#### Material supplied
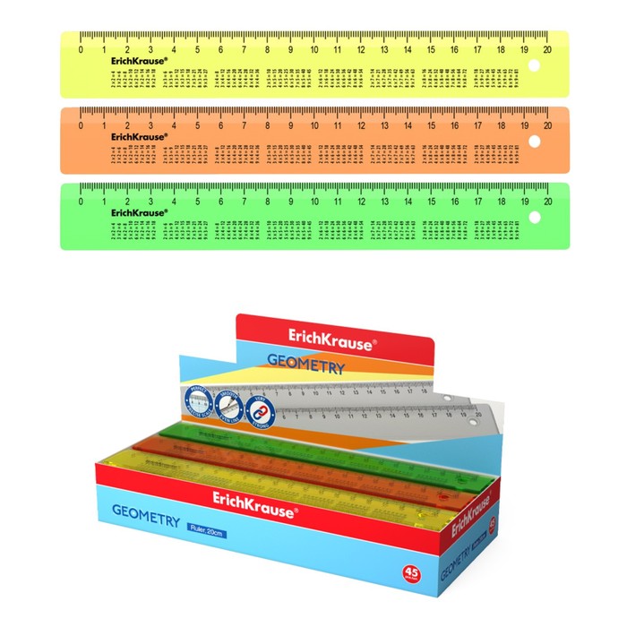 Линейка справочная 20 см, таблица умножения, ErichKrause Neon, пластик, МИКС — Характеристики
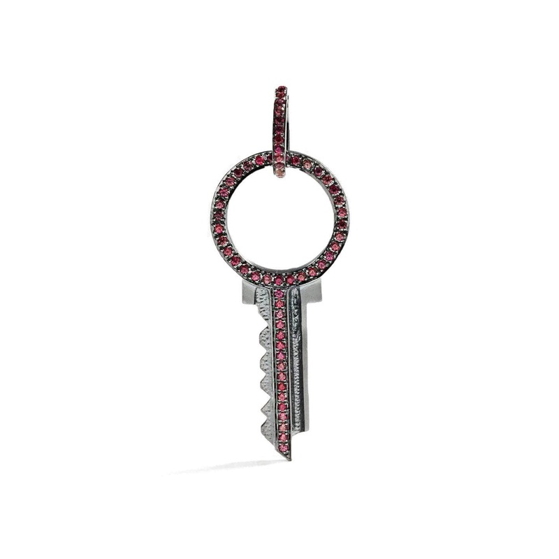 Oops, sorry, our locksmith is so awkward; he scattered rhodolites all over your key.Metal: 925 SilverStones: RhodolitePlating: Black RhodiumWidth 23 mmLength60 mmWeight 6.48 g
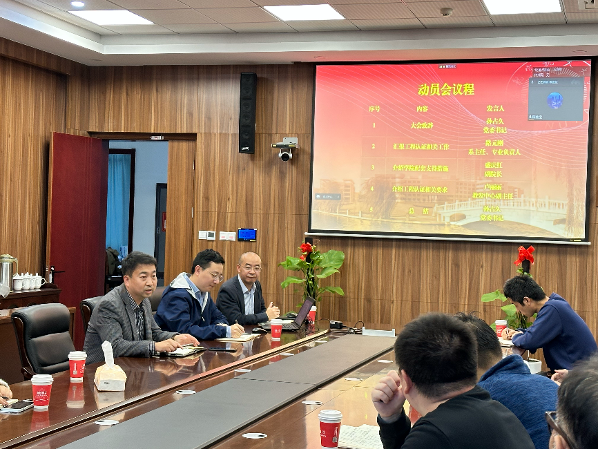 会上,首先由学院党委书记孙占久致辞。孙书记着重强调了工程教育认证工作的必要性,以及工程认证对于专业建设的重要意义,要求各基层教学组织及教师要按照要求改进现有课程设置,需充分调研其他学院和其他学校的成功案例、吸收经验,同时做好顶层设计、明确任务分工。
* * *
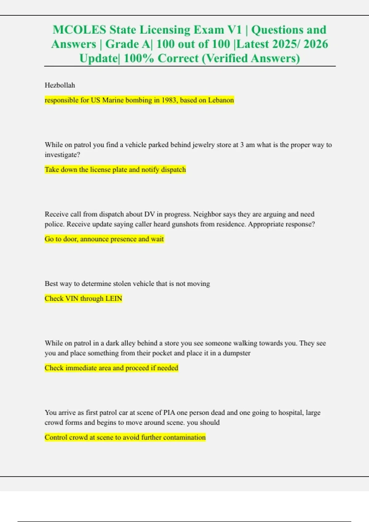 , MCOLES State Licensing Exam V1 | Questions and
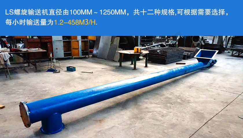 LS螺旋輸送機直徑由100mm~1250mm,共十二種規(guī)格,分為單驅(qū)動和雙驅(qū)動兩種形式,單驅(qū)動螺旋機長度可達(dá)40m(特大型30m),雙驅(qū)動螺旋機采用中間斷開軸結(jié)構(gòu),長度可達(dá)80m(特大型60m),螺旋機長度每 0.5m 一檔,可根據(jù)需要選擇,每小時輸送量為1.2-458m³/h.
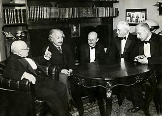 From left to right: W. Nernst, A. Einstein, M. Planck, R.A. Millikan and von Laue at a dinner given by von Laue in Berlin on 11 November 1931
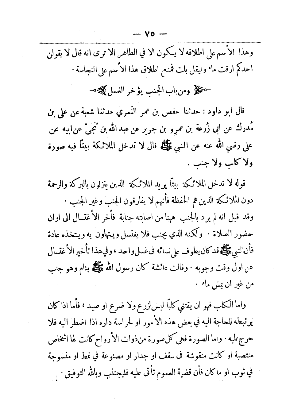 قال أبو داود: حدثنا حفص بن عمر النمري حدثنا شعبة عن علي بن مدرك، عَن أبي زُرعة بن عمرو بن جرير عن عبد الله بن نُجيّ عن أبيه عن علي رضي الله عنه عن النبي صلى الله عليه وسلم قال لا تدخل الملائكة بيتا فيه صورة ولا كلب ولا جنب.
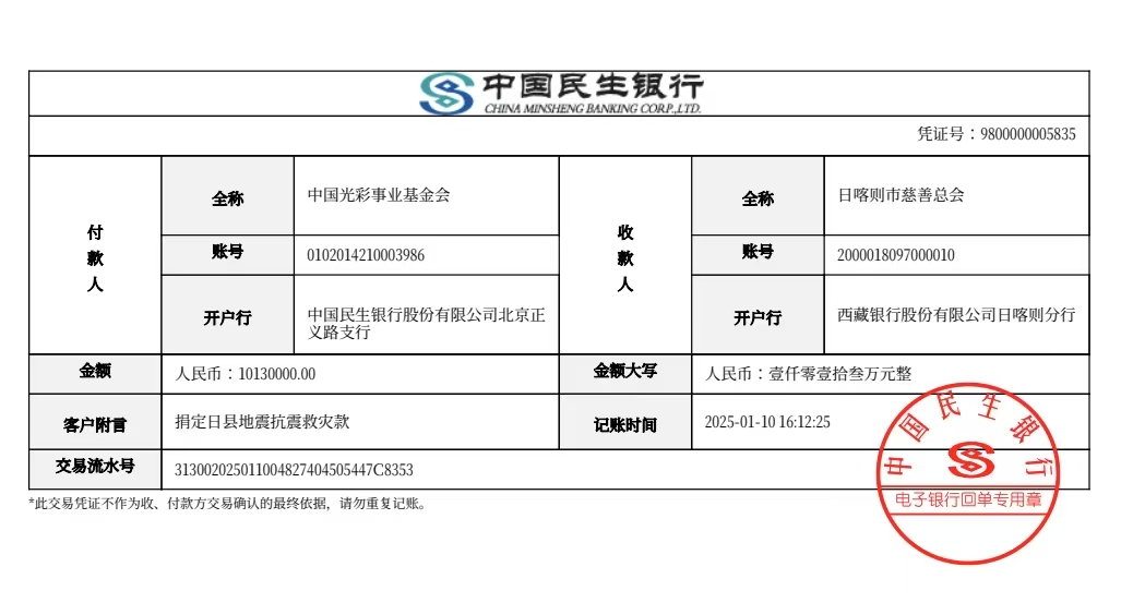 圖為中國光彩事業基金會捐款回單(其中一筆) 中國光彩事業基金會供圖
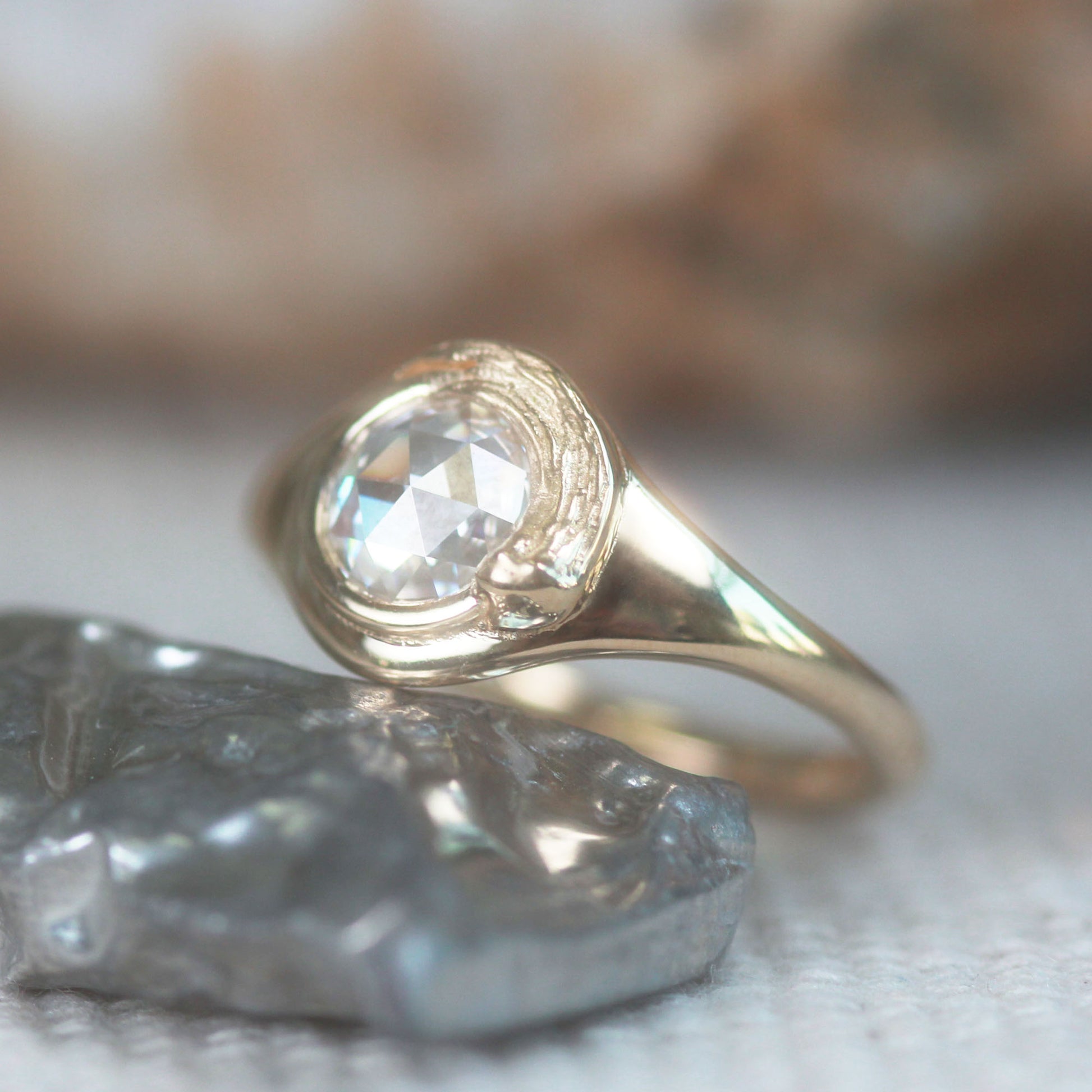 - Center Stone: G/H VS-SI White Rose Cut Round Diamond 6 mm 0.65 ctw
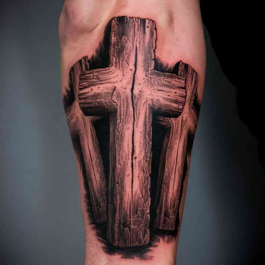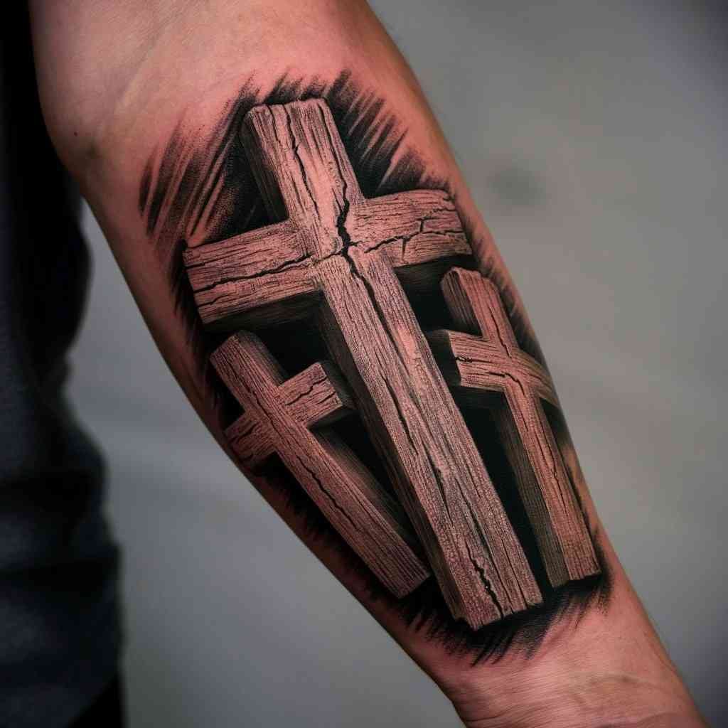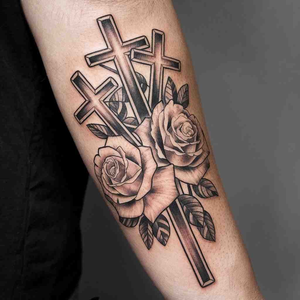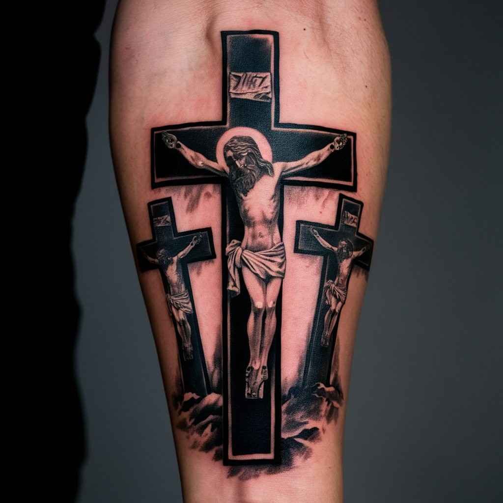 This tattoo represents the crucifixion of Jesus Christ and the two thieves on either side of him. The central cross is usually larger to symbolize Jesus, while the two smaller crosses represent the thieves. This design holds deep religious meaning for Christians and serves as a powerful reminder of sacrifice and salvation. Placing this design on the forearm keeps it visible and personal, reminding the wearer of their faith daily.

#### Exercise aim
Go to the line above that contains "圖為中國光彩事業基金會捐款回單(其中一筆) 中國光彩事業基金會供圖" and reproduce everything exactly from there through the line that contains "This tattoo represents", leaving out the pictures.

#### Expected output
 圖為中國光彩事業基金會捐款回單(其中一筆) 中國光彩事業基金會供圖
 - Center Stone: G/H VS-SI White Rose Cut Round Diamond 6 mm 0.65 ctw
 This tattoo represents the crucifixion of Jesus Christ and the two thieves on either side of him. The central cross is usually larger to symbolize Jesus, while the two smaller crosses represent the thieves. This design holds deep religious meaning for Christians and serves as a powerful reminder of sacrifice and salvation. Placing this design on the forearm keeps it visible and personal, reminding the wearer of their faith daily.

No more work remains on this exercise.